Kolon geçiş süresinin uzatılabilmesi, su emiliminin arttırılabilmesi, sfinkter
relaksasyonunun önlenmesi veya tonusunun arttırılması amacıyla medikal preparatlar
denenebilir. Pelvik taban kaslarının ve dış anal sfinkterin tonusunu arttırmaya yönelik,
perineal egzersiz ve fizik tedavi programları yaptırılabilir.
Biofeedback tedavi: Güvenli, noninvaziv ve göreceli olarak ucuz bir alternatif
tedavi yöntemidir. İstemli sfinkter aktivitesini ölçmek için hastanın anüsüne balonlu
bir sonda yerleştirilir. Düzenek, işitsel veya görsel uyarı veren bir monütöre bağlanır.
Hasta sfinkterini kasıp, anal basıncı arttırdığında oluşan uyarı gözlenir. Böylece
hastanın bu yanıtı geliştirmesi için egzersiz yapmasına olanak sağlanmış olur. Egzersiz
ile eksternal anal sfinkter tonusunun arttırılması, rektal duyumun geliştirilmesi ve
rektal distansiyona karşı sfinkter yanıtının artması sağlanır. Başarı; hasta motivasyonu,
rektal duyu kapasitesinin varlığı ve kasılabilen sfinkter varlığı ile koroledir. Sfinkter
simetrisi ve rektal kapasitenin korunduğu vakalarda başarı oranı %60’lara
ulaşmaktadır12, 18, 25, 34, 46, 50, 51, 54.
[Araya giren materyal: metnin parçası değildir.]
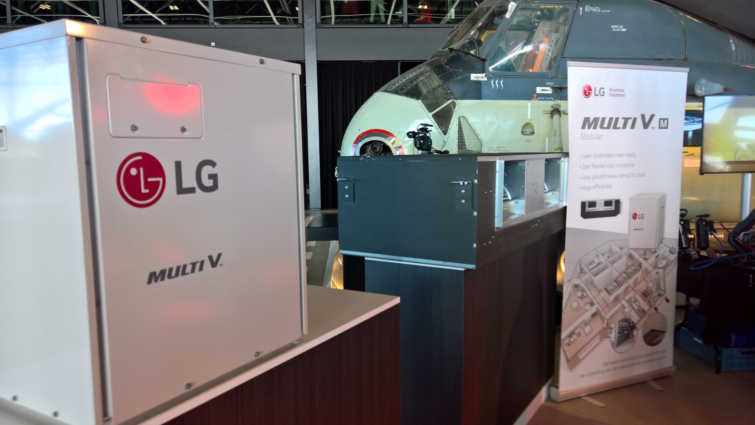 De Multi V Modular werd vorige week officieel gepresenteerd op de MCE-installatiebeurs in Milaan en deze dinsdag was het de beurt aan Nederland, waar de installatie getoond werd bij het LG/Centercon Kickoff Event in het Nationaal Militair Museum in Soest.

Son yıllarda perianal injeksiyon yöntemi ile artifisyel sfinkter uygulaması rağbet
görmektedir. Bu yöntemle erken dönem başarı şansı yüksek olmakla birlikte uzun
dönemde tekrarlayan injeksiyonlar gerekmektedir. Otolog yağ dokusu, submukozal
politetrafloroetilen, kollojen ve silikon içerikli implantlar bu amaçla kullanılan başlıca
materyallerdir52.
2.5.2.Cerrahi tedavi:
Anal inkontinans önemli sonuçları olan ve kesin tedavisi için çaba harcanması
gereken sosyal bir durumdur. Bilinen en etkili tedavi yöntemi cerrahidir. Anal
sfinkterlerde anatomik defekti bulunan ve yeterli rezidüel kas kitlesi olan, ancak
nörolojik innervasyonu sağlam olan pek çok hasta primer sfinkter onarım teknikleri ile
başarılı şekilde tedavi edilir. Sağlam sfinkter mekanizması ile birlikte pudental sinir
gerilme tipi harabiyeti olan olgular pelvik taban onarıcı girişimlerden yarar görür.
23
Konjenital anorektal malformasyonlar, nöromusküler dejenerasyona bağlı olgular,
masif travma ve enfeksiyon gibi sfinkter mekanizması hacminin ileri derece bozulduğu
son dönem inkontinansı olan hastalar ile anorektal kas onarım tekniklerinin başarısız
olduğu olgularda statik ve dinamik neosfinkter prosedürleri stomaya terapödik bir
alternatif olarak denenmelidir. Bu amaçla unilateral veya bilateral iskelet kas
transpozisyonları, anal çevirme prosedürleri ve yapay anal sfinkter implantasyonu
kullanılabilecek girişimlerdir.
2.5.2.1.Anorektal kas onarım teknikleri:
Apozisyon: eksternal anal sfinkterin mobilizasyonu, skar dokusunun eksizyonu ve
kasın uç-uca anastomozu ile gerçekleştirilir.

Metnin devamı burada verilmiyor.